In 2003, Time Out New York set out to crown the king of a new golden age of stage acting. Hoffman won the battle, with former Theater editor Jason Zinoman and current editor David Cote noting, “Schreiber and Wright can’t touch Hoffman for complex, naturalistic performance.… Hoffman is an explosive actor who can reinterpret the great roles of American drama.” Read our full appreciation, reprinted from the May 29, 2003 issue, below.


If you know Hoffman only from his film roles, you might think he’s an actor of a single type: nebbishy, passive and a little bit creepy. But Hoffman the theater actor is a whole different animal. Onstage, he unloads his full arsenal of gifts, blowing us away with a gallery of indelible images: True West’s macho bully Lee pouring beer on himself; The Seagull’s pretentious artiste, Konstantin, curling up in his mother’s arms; the troll-like Gene slinking out of the closet in The Author’s Voice.
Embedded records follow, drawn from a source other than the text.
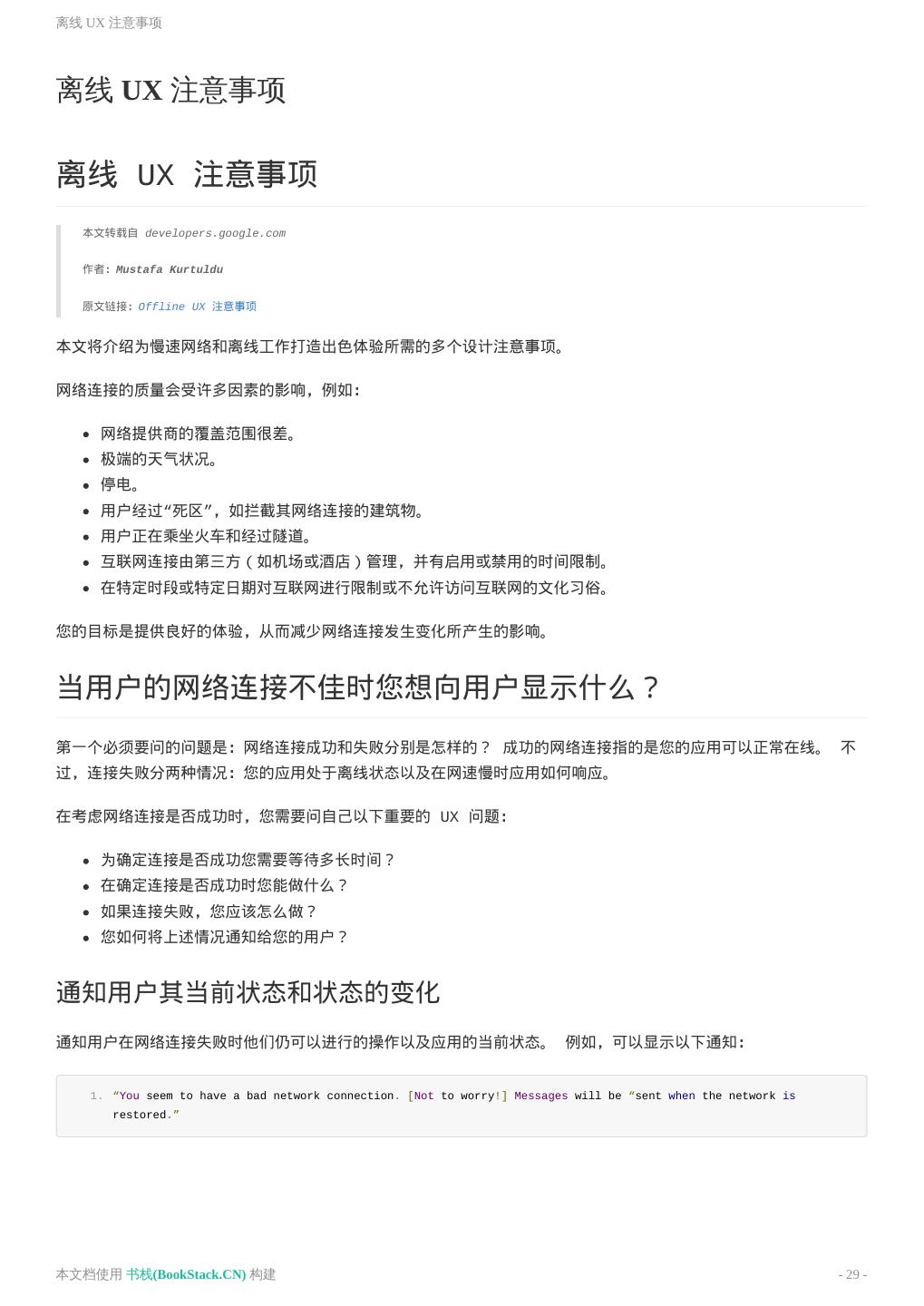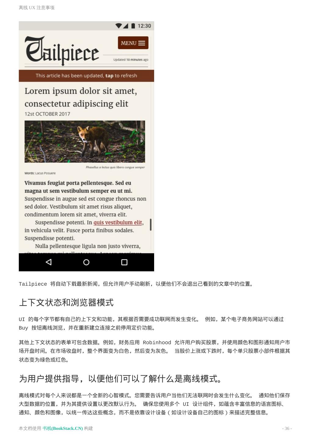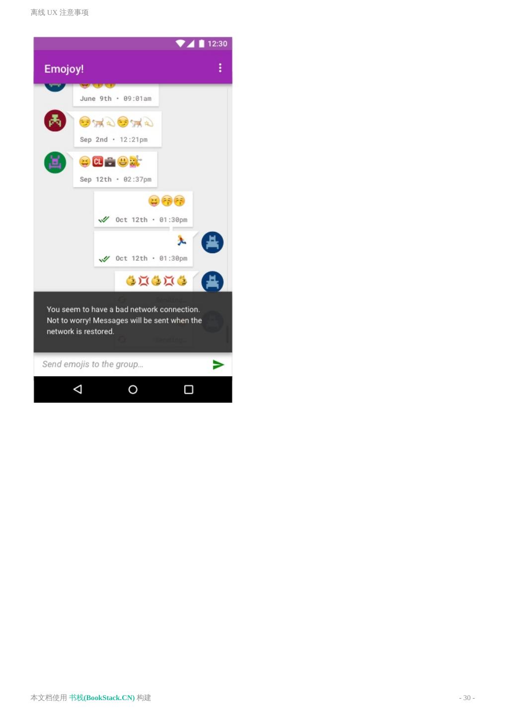29 .离线 UX 注意事项 离线 UX 注意事项 离线 UX 注意事项 本文转载自 developers.google.com 作者:Mustafa Kurtuldu 原文链接:Offline UX 注意事项 本文将介绍为慢速网络和离线工作打造出色体验所需的多个设计注意事项。 网络连接的质量会受许多因素的影响,例如: 网络提供商的覆盖范围很差。 极端的天气状况。 停电。 用户经过“死区”,如拦截其网络连接的建筑物。 用户正在乘坐火车和经过隧道。 互联网连接由第三方(如机场或酒店)管理,并有启用或禁用的时间限制。 在特定时段或特定日期对互联网进行限制或不允许访问互联网的文化习俗。 您的目标是提供良好的体验,从而减少网络连接发生变化所产生的影响。 当用户的网络连接不佳时您想向用户显示什么? 第一个必须要问的问题是:网络连接成功和失败分别是怎样的? 成功的网络连接指的是您的应用可以正常在线。 不 过,连接失败分两种情况:您的应用处于离线状态以及在网速慢时应用如何响应。 在考虑网络连接是否成功时,您需要问自己以下重要的 UX 问题: 为确定连接是否成功您需要等待多长时间? 在确定连接是否成功时您能做什么? 如果连接失败,您应该怎么做? 您如何将上述情况通知给您的用户? 通知用户其当前状态和状态的变化 通知用户在网络连接失败时他们仍可以进行的操作以及应用的当前状态。 例如,可以显示以下通知: 1. “You seem to have a bad network connection. [Not to worry!] Messages will be “sent when the network is restored.” 本文档使用 书栈(BookStack.CN) 构建 - 29 -
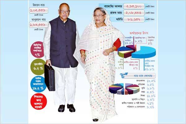 ৮৩-তেও নবীন অর্থমন্ত্রী : এর আগে গতকাল বিকেলে সংসদে সরকার ও বিরোধী দলের উপস্থিতিতে উৎসবমুখর পরিবেশে অর্থমন্ত্রী আবুল মাল আবদুল মুহিত নতুন অর্থবছরের বাজেট প্রস্তাব তুলে ধরেন। তার আগে সংসদ ভবনের কেবিনেট কক্ষে প্রধানমন্ত্রী শেখ হাসিনার সভাপতিত্বে অনুষ্ঠিত মন্ত্রিপরিষদের বিশেষ সভায় বাজেট অনুমোদন দেন মন্ত্রীরা। সংসদ সদস্যদের আলোচনা ও সর্বস্তরের মানুষের মতামত পর্যালোচনা শেষে ৩০ জুন বাজেট পাস করে ১ জুলাই থেকে কার্যকর হবে।
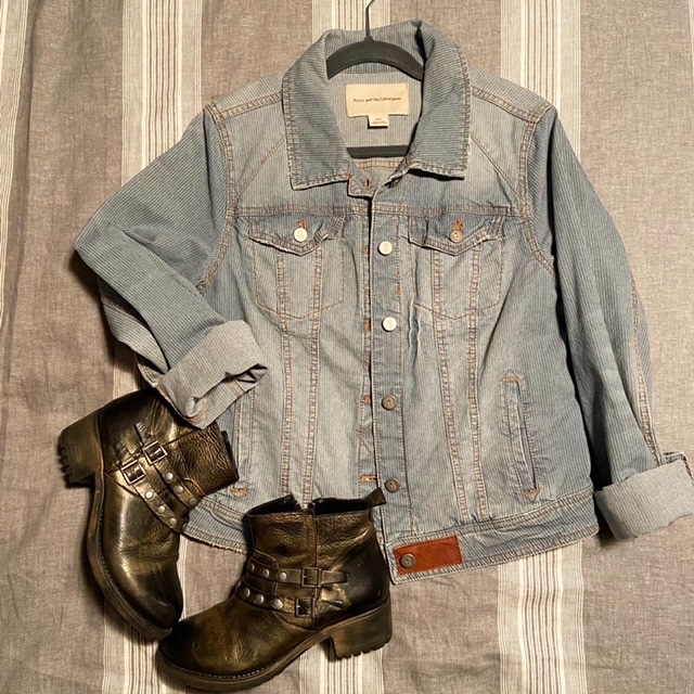 Did I need two more pairs of boots? Nope. But dang do they make me happy! When I found the striped jean jacket, I noticed the green/gold boots in the Poshers closet, so I decided to bundle the items and make an offer for $40… which was accepted. As for the Frye boots, they are just so pretty and I got a great deal on them, so no regrets!
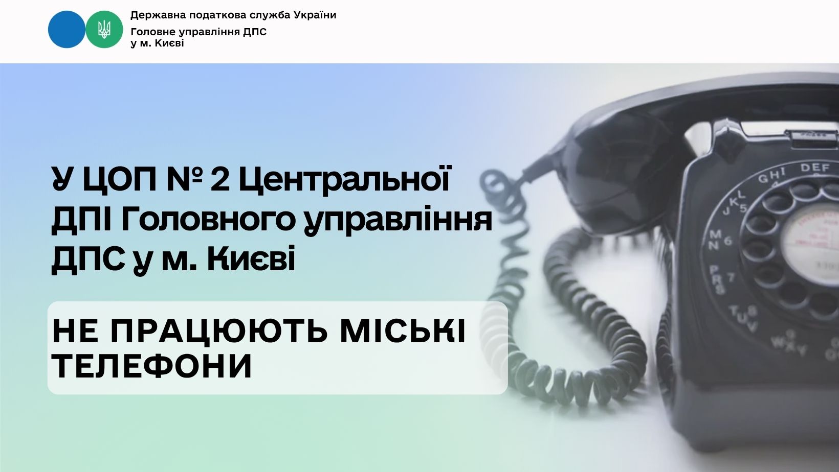 У ЦОП № 2 Центральної ДПІ Головного управління ДПС у м. Києві не працюють міські телефони
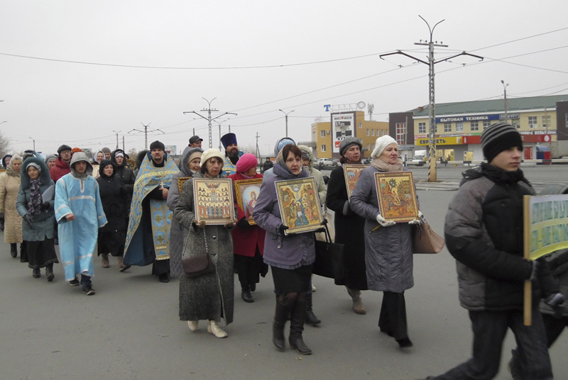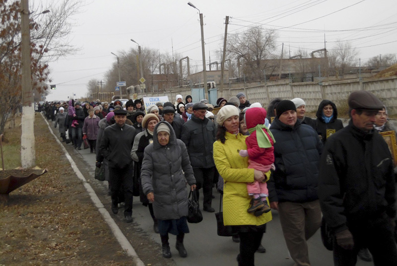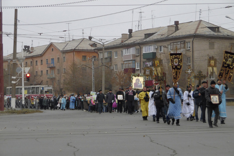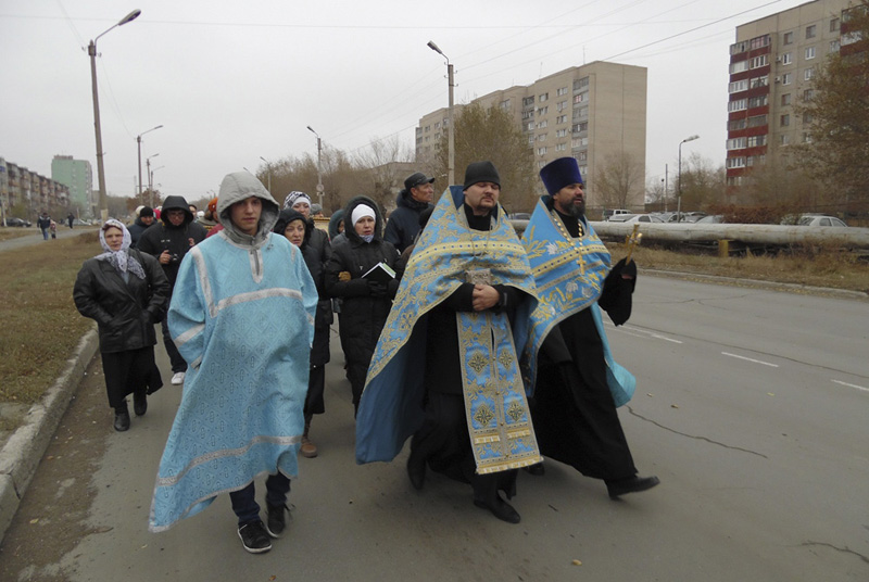 После Божественной литургии прошёл молебен с водоосвящением, по окончании которого прихожане храма совершили крестный ход по городу Новотроицку. По дороге у моста произошла встреча со вторым крестным ходом, который следовал из больничного храма св. вмч. и целителя Пантелеимона г. Новотроицка во главе настоятелем храма иереем Евгением Селиверстовым. Два крестных хода, соединившись в единый, продолжили путь с «Казанской» иконой Пресвятой Богородицы до строящегося храма Благовещения Пресвятой Богородицы. Шествие собрало около семисот верующих жителей города. В нем приняли участие воспитанники воскресной школы имени св. бл. князя Александра Невского при Петропавловском соборе. Они шли в начале колонны за священнослужителями, неся в руках иконы.

Schreiber may be our leading Shakespearean, and his upcoming Henry V in Central Park will be the theatrical event of the summer. But he’s been hampered by appearing in too many mediocre vehicles (Broadway’s uninspired Betrayal, Andrei Serban’s sloppy Hamlet); great actors are remembered for great productions. And though Wright may be the most hypnotizing of the three—put the trio onstage together and your eye would invariably wander toward him—he often outshines his own characters. For Hoffman, the play is the thing.  As his Our Lady of 121st Street collaborator Stephen Adly Guirgis puts it, “He never cheats.” He doesn’t depend on gimmicks, excess stage business or physical tics. Hoffman has moved us in so many different ways that he’s earned the title Greatest of His Generation.